- **Work instruction**: Every entry below should be returned exactly as it appears, with pictures left out.

===== Records to use =====

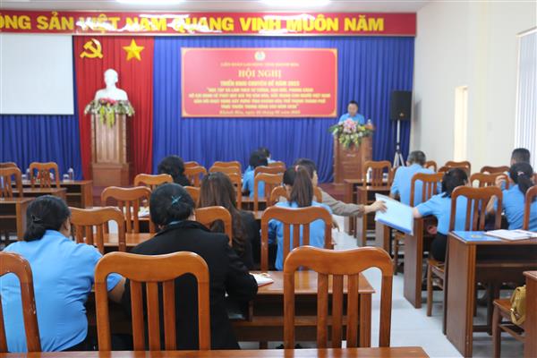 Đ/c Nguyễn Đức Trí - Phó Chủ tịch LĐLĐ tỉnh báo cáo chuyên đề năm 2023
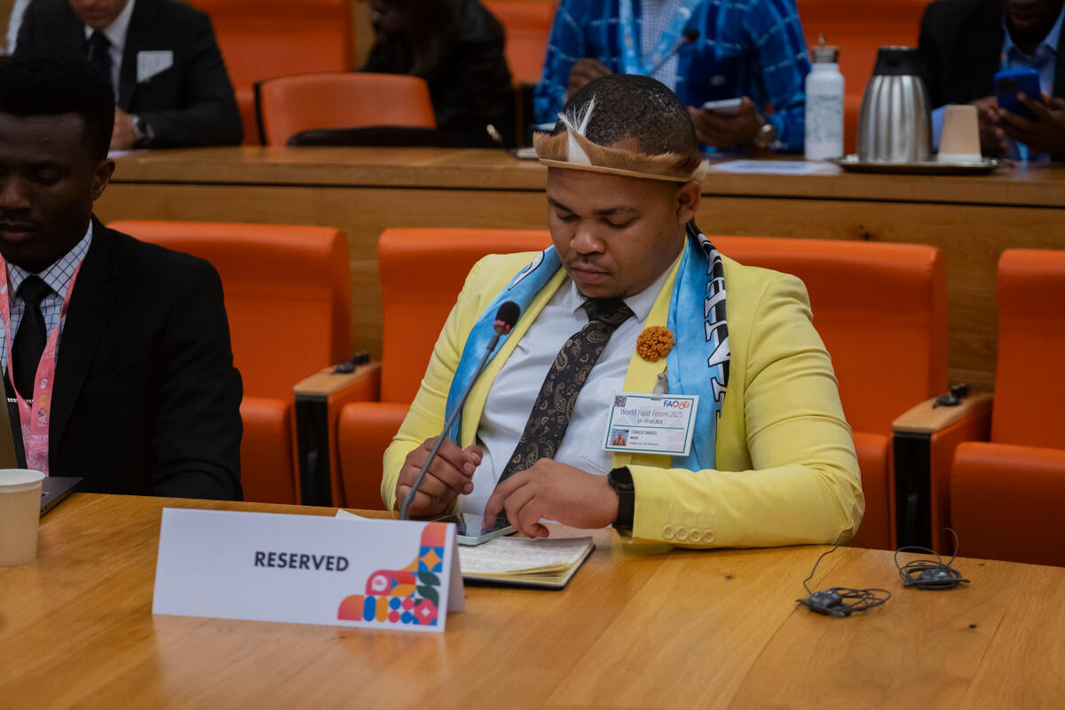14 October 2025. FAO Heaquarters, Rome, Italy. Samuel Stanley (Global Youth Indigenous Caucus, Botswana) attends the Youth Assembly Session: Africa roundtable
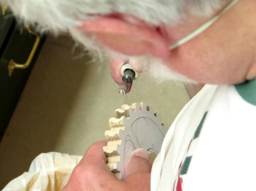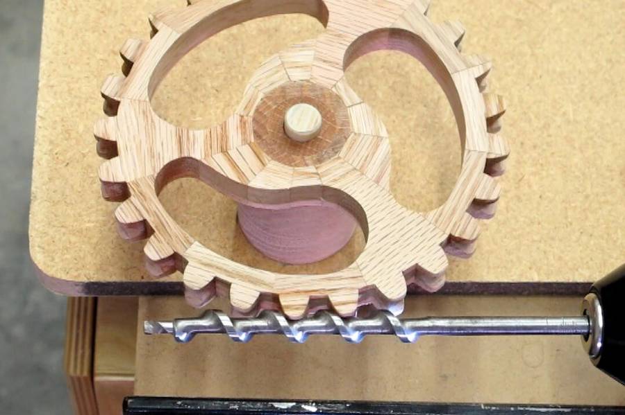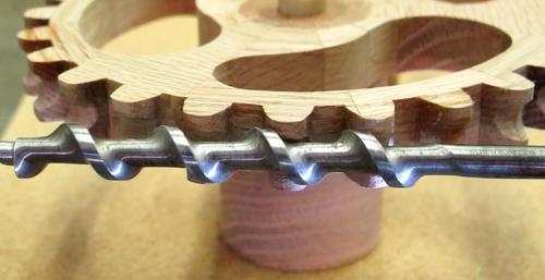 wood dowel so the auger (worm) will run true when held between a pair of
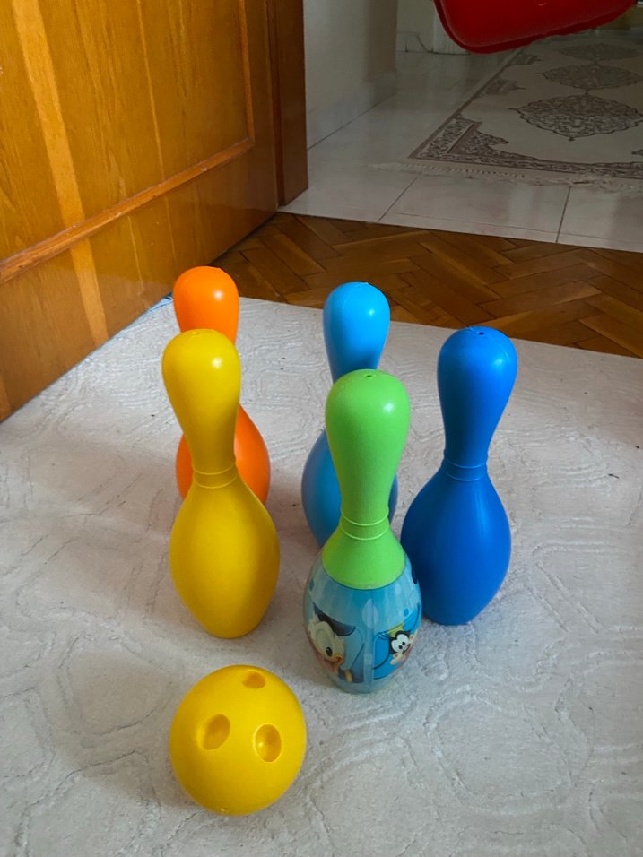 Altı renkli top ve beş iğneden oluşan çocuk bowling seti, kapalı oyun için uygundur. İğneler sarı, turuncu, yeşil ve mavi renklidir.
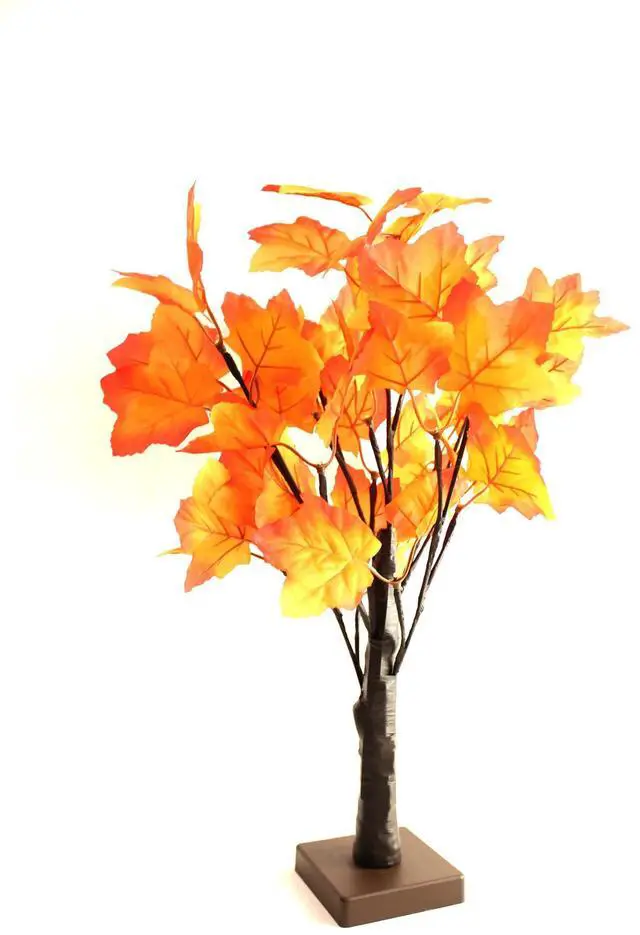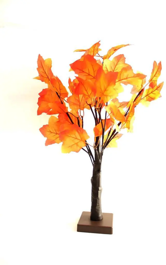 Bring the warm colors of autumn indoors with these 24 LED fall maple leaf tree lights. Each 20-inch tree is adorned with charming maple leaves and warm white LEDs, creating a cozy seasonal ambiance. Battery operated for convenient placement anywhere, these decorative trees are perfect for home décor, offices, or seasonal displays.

=====

- **Answer to the problem**:
 Đ/c Nguyễn Đức Trí - Phó Chủ tịch LĐLĐ tỉnh báo cáo chuyên đề năm 2023
14 October 2025. FAO Heaquarters, Rome, Italy. Samuel Stanley (Global Youth Indigenous Caucus, Botswana) attends the Youth Assembly Session: Africa roundtable
 wood dowel so the auger (worm) will run true when held between a pair of
 Altı renkli top ve beş iğneden oluşan çocuk bowling seti, kapalı oyun için uygundur. İğneler sarı, turuncu, yeşil ve mavi renklidir.
 Bring the warm colors of autumn indoors with these 24 LED fall maple leaf tree lights. Each 20-inch tree is adorned with charming maple leaves and warm white LEDs, creating a cozy seasonal ambiance. Battery operated for convenient placement anywhere, these decorative trees are perfect for home décor, offices, or seasonal displays.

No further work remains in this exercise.